Led ZeppelinIl celebre gruppo rock dei Led Zeppelin ha recentemente annunciato che il 3 giugno prossimo saranno lanciate in tutto il Mondo le riedizioni dei primi tre album della band, “Led Zeppelin”, “Led Zeppelin II” e “Led Zeppelin III”. I dischi, ancor oggi ascoltati da migliaia di estimatori ed esperti di musica, verranno riproposti in versioni rimasterizzate curate direttamente dal chitarrista e compositore Jimmy Page, fondatore della band. L’operazione fa parte di un programma più vasto che prevede la riedizione dei nove album realizzati in studio dal mitico quartetto britannico con l’aggiunta di altri dischi di inediti.

La leggendaria band dal nome di un dirigibile ha contribuito notevolmente all’evoluzione del rock, attingendo inizialmente dal repertorio blues e rock-blues degli anni ‘50 e ‘60 e successivamente dal folk e dalla musica orientale.

Oltre a Page, del gruppo hanno fatto parte Robert Plant alla voce e all’armonica, John Paul Jones alle tastiere e al basso e John “Bonzo” Bonham alla batteria e percussioni. La formazione non ha subito alcun mutamento fino al 1980, anno della morte dello stesso Bonham e del conseguente scioglimento della band. L’album d’esordio, “Led Zeppelin”, pubblicato nel 1969, è costituito da inediti che miscelano blues, rock, folk e da cover di brani blues. Del disco fanno parte brani di successo come “Good times bad times”, “Communication break down” e “Dazed and Confused”, i cui riff resteranno per sempre nella storia della musica rock. In particolare, “Dazed and confused” è celebre soprattutto perché, nella parte centrale, Page ha utilizzato l’archetto del violino per suonare la chitarra.
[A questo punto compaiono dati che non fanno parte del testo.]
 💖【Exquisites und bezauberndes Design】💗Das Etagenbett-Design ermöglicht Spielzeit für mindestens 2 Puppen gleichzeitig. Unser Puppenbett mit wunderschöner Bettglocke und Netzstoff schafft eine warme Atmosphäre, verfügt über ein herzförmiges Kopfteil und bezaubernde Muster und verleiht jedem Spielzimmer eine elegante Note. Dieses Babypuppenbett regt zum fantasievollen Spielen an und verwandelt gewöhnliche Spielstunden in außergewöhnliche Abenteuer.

Nello stesso anno è uscito “Led Zeppelin II”, contraddistinto da sonorità hard rock. Celeberrimo il brano d’apertura “Whole Lotta Love”, che inizia con un riff di chitarra deciso e aggressivo, utilizzato ancor oggi per sigle e stacchetti musicali. Il trionfo dell’album è stato immenso, tant’è che “Led Zeppelin II”, ha scalzato dalla vetta delle chart “Abbey Road” dei Beatles e ha venduto, in soli sei mesi, ben tre milioni di copie.

Led Zeppelin“Led Zeppelin III” è invece del 1970. Come di consueto, il disco si apre con una canzone dalle sonorità hard rock: stiamo parlando della straordinaria “Immigrant song”, celebre soprattutto per il vocalizzo di Plant a inizio strofa e per il testo di argomento epico-mitologico.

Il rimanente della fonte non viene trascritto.